WHAT IS NEEDED: Return each entry word for word and skip its pictures.

Stored data entries:
Content starts

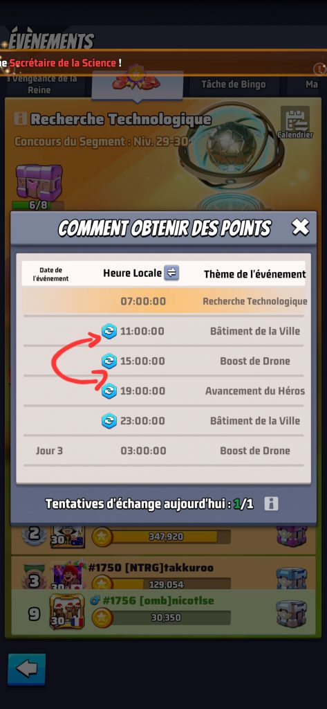 rappelez vous aussi que depuis quelques temps maintenant vous pouvez intervertir 2 courses aux armes une fois par jour, ce qui est très utile pour la faire correspondre avec le secrétariat ! Si vous ne maîtrisez pas bien le secrétariat (indispensable les mardi et mercredi) faites le nous savoir sur le chat d’alliance !
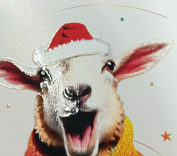 Vrolijke kerstkaart met schaap met kerstmuts en kleurrijke sjaal - FR (845.097)
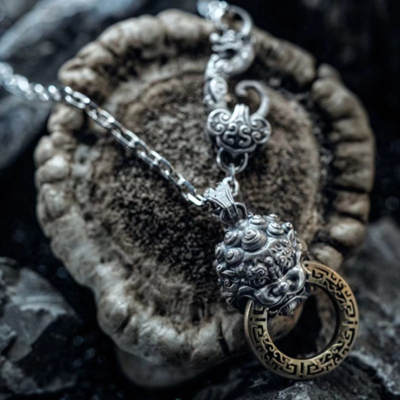 Color: TD-204 lion rings pendants: no chain, TD-204 pendant keel chain, TD-204 pendant pearl chain, TD-204 pendant cross chain
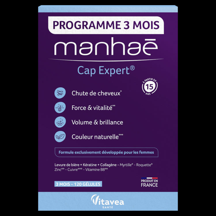 Pentru o eficienta optima utilizati Manhaé Cap Expert® pe o perioada de 3 luni consecutive.
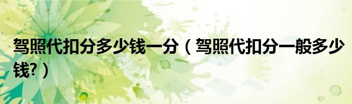 大家好,小美来为大家解答以上问题。驾照代扣分多少钱一分,驾照代扣分一般多少钱?很多人还不知道,现在让我们一起来看看吧!
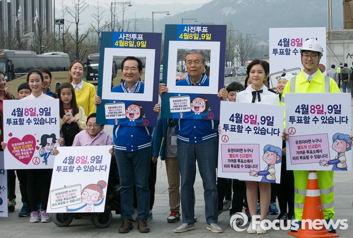 (서울=포커스뉴스) 김종인 더불어민주당 비대위 대표 겸 선대위원장이 6일 오후 서울 광화문광장에서 정세균 종로구 후보, 비례대표 후보, 창원 봉강초등학교 학생들과 20대 총선 사전투표 캠페인을 하고 있다.
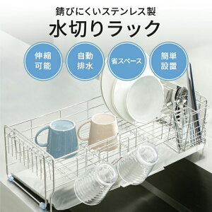 サビにくいステンレス製の水切りラック。洗い物の量に合わせて伸縮できるタイプなので、コンパクトにも大容量にもなります。水受けトレーも一緒にスライド可能で水滴をしっかり受けとめます。サイズ幅39.5×奥行...
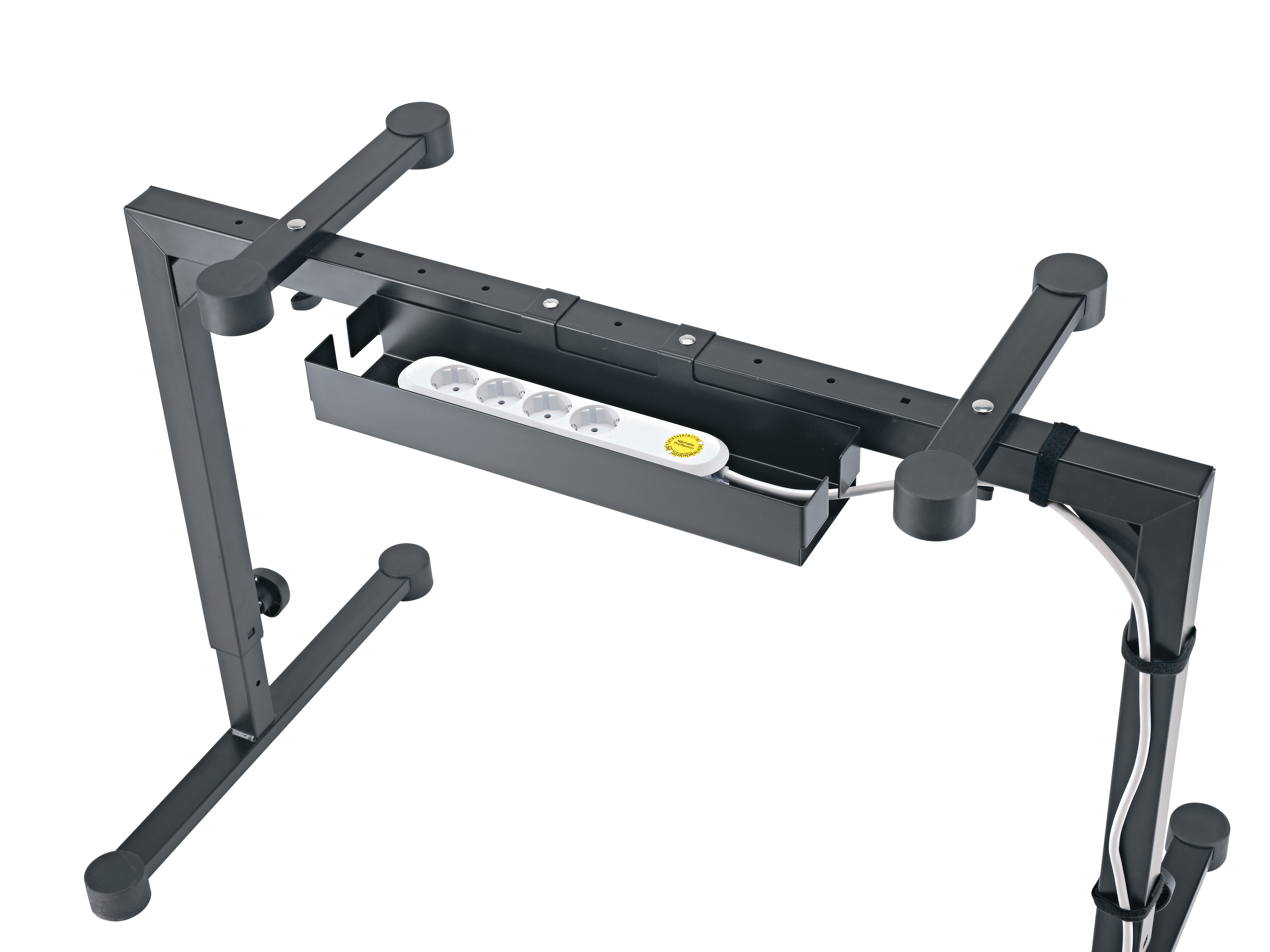 A König & Meyer jóvoltából végre vége a kábel-káosznak. A masszív, acéllemezből hajlított praktikus kábelrendező dobozt két csavarral pillanatok alatt felakaszthatjuk az Omega billentyűállvány kereszttartójára. A doboz használható például elosztóhoz vagy hosszabb kábelekhez, rendezett, helytakarékos módon. Az oldalsó nyílások elegendő helyet biztosítanak a kényelmes kábelvezetéshez.

Content ends

OUTPUT:
 rappelez vous aussi que depuis quelques temps maintenant vous pouvez intervertir 2 courses aux armes une fois par jour, ce qui est très utile pour la faire correspondre avec le secrétariat ! Si vous ne maîtrisez pas bien le secrétariat (indispensable les mardi et mercredi) faites le nous savoir sur le chat d’alliance !
 Vrolijke kerstkaart met schaap met kerstmuts en kleurrijke sjaal - FR (845.097)
 Color: TD-204 lion rings pendants: no chain, TD-204 pendant keel chain, TD-204 pendant pearl chain, TD-204 pendant cross chain
 Pentru o eficienta optima utilizati Manhaé Cap Expert® pe o perioada de 3 luni consecutive.
 大家好,小美来为大家解答以上问题。驾照代扣分多少钱一分,驾照代扣分一般多少钱?很多人还不知道,现在让我们一起来看看吧!
 (서울=포커스뉴스) 김종인 더불어민주당 비대위 대표 겸 선대위원장이 6일 오후 서울 광화문광장에서 정세균 종로구 후보, 비례대표 후보, 창원 봉강초등학교 학생들과 20대 총선 사전투표 캠페인을 하고 있다.
 サビにくいステンレス製の水切りラック。洗い物の量に合わせて伸縮できるタイプなので、コンパクトにも大容量にもなります。水受けトレーも一緒にスライド可能で水滴をしっかり受けとめます。サイズ幅39.5×奥行...
 A König & Meyer jóvoltából végre vége a kábel-káosznak. A masszív, acéllemezből hajlított praktikus kábelrendező dobozt két csavarral pillanatok alatt felakaszthatjuk az Omega billentyűállvány kereszttartójára. A doboz használható például elosztóhoz vagy hosszabb kábelekhez, rendezett, helytakarékos módon. Az oldalsó nyílások elegendő helyet biztosítanak a kényelmes kábelvezetéshez.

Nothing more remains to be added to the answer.